Hacía tanto tiempo que Eragon no sabía nada de Arya que se planteó usar el nombre del idioma antiguo para superar las defensas de Du Weldenvarden y poder comunicarse con ella, o por lo menos rastrear su presencia. No obstante, sabía que los elfos no verían con buenos ojos la intrusión, y temía que a Arya no le hiciera ninguna gracia aquel intento de contacto sin que hubiera una necesidad acuciante.

Así pues, en lugar de eso, le escribió una breve carta en la que preguntaba por ella y le contaba parte de lo que habían estado haciendo Saphira y él. Le dio la carta a Vanir, y este prometió que se la enviaría a Arya de inmediato. Eragon estaba seguro de que Vanir mantendría su palabra —puesto que ambos habían hablado en el idioma antiguo—, pero no recibió ninguna respuesta, y con el paso de una luna tras otra, empezó a pensar que, por algún motivo desconocido, Arya había decidido poner fin a su amistad. La idea le dolió terriblemente y decidió concentrarse en el trabajo que le daba Nasuada aún con mayor ahínco, esperando así poder olvidar sus penas.

En lo más crudo del inverno, cuando de la losa que cubría Ilirea colgaban témpanos de hielo como espadas y gruesas capas de nieve tapizaban el paisaje de los alrededores, cuando los caminos estaban prácticamente impracticables y la comida empezaba a escasear en las mesas, tres veces atentaron contra la vida de Nasuada, tal como Murtagh había advertido que podía pasar.

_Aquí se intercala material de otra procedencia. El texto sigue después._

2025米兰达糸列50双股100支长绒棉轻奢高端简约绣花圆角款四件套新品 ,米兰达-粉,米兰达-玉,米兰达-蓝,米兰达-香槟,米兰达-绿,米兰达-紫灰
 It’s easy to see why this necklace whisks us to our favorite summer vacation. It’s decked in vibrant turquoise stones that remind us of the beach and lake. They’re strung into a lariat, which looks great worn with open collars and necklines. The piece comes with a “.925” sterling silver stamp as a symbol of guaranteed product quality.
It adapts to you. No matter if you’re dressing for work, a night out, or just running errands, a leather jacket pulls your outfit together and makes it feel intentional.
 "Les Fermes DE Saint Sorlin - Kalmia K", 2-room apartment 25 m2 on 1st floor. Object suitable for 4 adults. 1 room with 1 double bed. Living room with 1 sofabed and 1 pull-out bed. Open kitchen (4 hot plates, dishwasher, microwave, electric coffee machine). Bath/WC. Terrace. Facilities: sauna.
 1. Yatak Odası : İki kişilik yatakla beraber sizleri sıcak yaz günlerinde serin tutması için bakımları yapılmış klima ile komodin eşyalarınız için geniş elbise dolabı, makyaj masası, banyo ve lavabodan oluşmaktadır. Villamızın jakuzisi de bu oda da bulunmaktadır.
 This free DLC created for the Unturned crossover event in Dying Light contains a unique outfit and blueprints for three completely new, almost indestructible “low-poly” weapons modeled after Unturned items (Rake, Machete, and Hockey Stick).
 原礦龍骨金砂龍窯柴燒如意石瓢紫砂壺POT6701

Los atentados fueron inteligentes y elaborados, y el tercero —que consistía en el desprendimiento de una red llena de piedras sobre Nasuada— estuvo a punto de tener éxito. Pero gracias a las defensas de Eragon y Elva, Nasuada sobrevivió, pese a que el último ataque le costó varias fracturas.

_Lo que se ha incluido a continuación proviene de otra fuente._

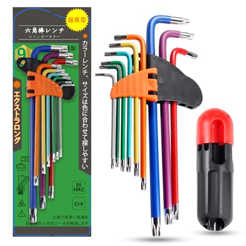 Aicosineg 星形レンチ トルクス レンチ 9本組 T10 T15 T20 T25 T27 T30 T40 T45 T50 レンチセット カラー 星型レンチセット L型 CRV クロムバナジウム鋼 レンチブースター付き 精密 マルチカラー エクストラロング 星形ドライバー ヘックスレンチ 修理工具 デジタル修理 自転車 DIY 車 機械 バイク修理の高価買取ITEM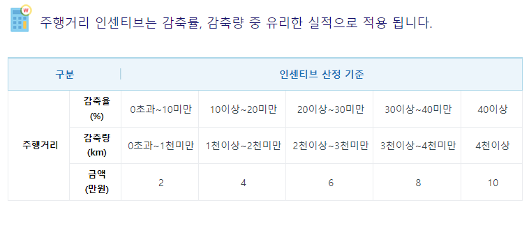 ▶ 인센티브 산정은 주행거리에 따라 다르며 감축률 및 감축량중 가입자에게 유리한 실적으로 적용됩니다.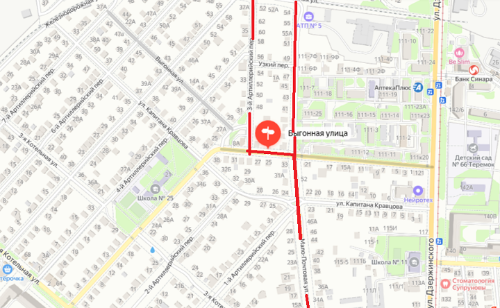 Ранее движение транспорта по улице Выгонной от 3-го Артиллерийского переулка до улицы Мало-Почтовой, а также по этому переулку от Выгонной до улицы Железнодорожной перекрывали с осени прошлого года до конца мая.
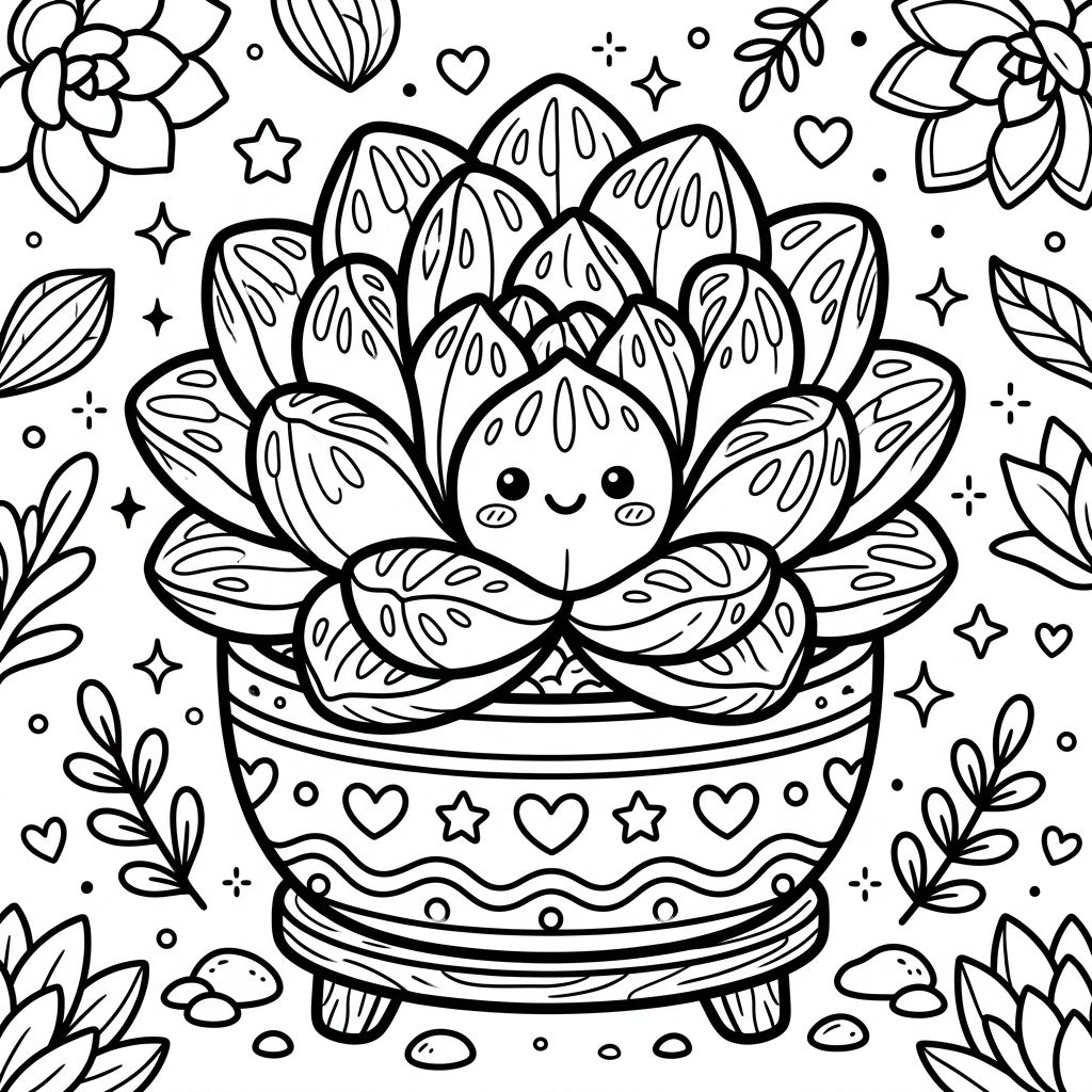 Surrounding our cheerful succulent are scattered elements of nature and joy – delicate leaves, tiny hearts, and sparkling starbursts that fill the page with whimsical charm. This arrangement creates a joyful and calming atmosphere, perfect for a moment of creative relaxation. Whether you're a succulent enthusiast or simply love cute illustrations, this coloring page promises to uplift your spirits and provide a peaceful artistic experience. It's a wonderful way to bring a touch of Kawaii garden magic into your home.

Durante el tercer atentado, Eragon y los Halcones de la Noche consiguieron matar a dos de los atacantes de Nasuada, aunque nunca supieron cuántos eran en realidad, pues el resto escapó.

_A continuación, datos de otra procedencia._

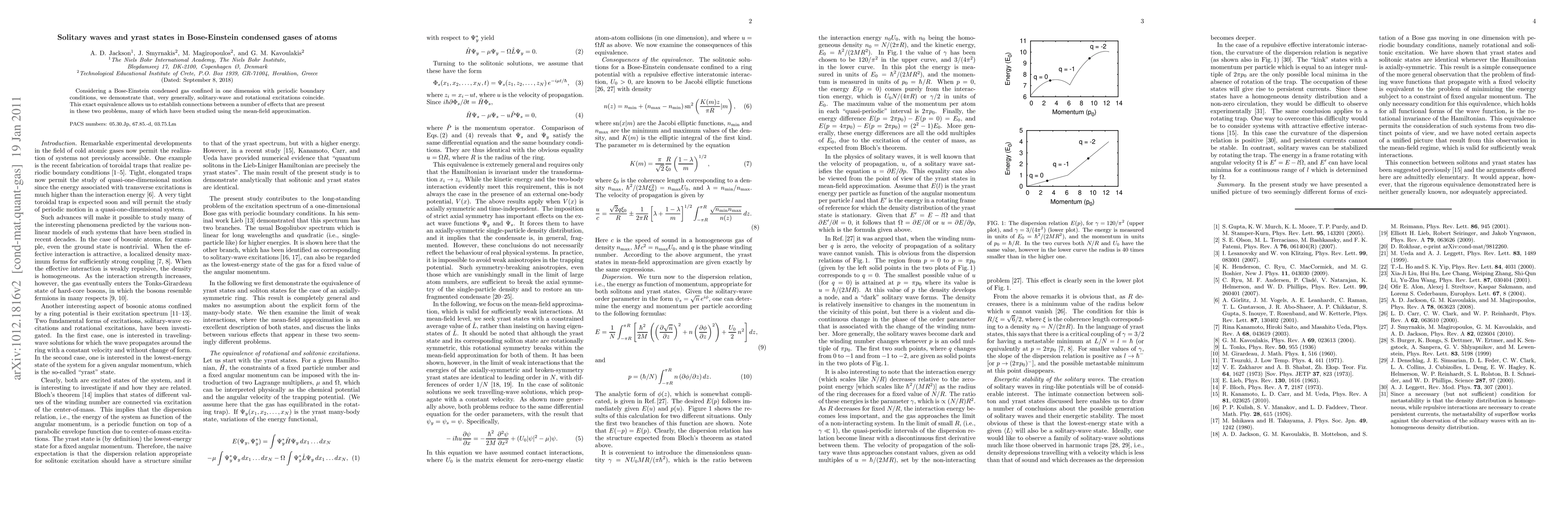 Considering a Bose-Einstein condensed gas confined in one dimension with periodic boundary conditions, we demonstrate that, very generally, solitary-wave and rotational excitations coincide. This exact equivalence allows us to establish connections between a number of effects that are present in these two problems, many of which have been studied using the mean-field approximation.

A partir de entonces, Eragon y Jörmundur tomaron medidas extraordinarias para reforzar la seguridad de Nasuada. Aumentaron el número de sus guardias otra vez y, allá donde fuera, iba siempre acompañada de al menos tres hechiceros. La propia Nasuada se volvió más desconfiada, y Eragon vio en ella cierta dureza que antes no mostraba.

No se produjeron más ataques contra Nasuada, pero un mes después de que acabara el invierno y los caminos volvieran a abrirse, un conde llamado Hamlin reunió una tropa compuesta de varios centenares de los antiguos soldados del Imperio y empezó a lanzar ataques contra Gil’ead y contra los viajeros que recorrían los caminos de la región.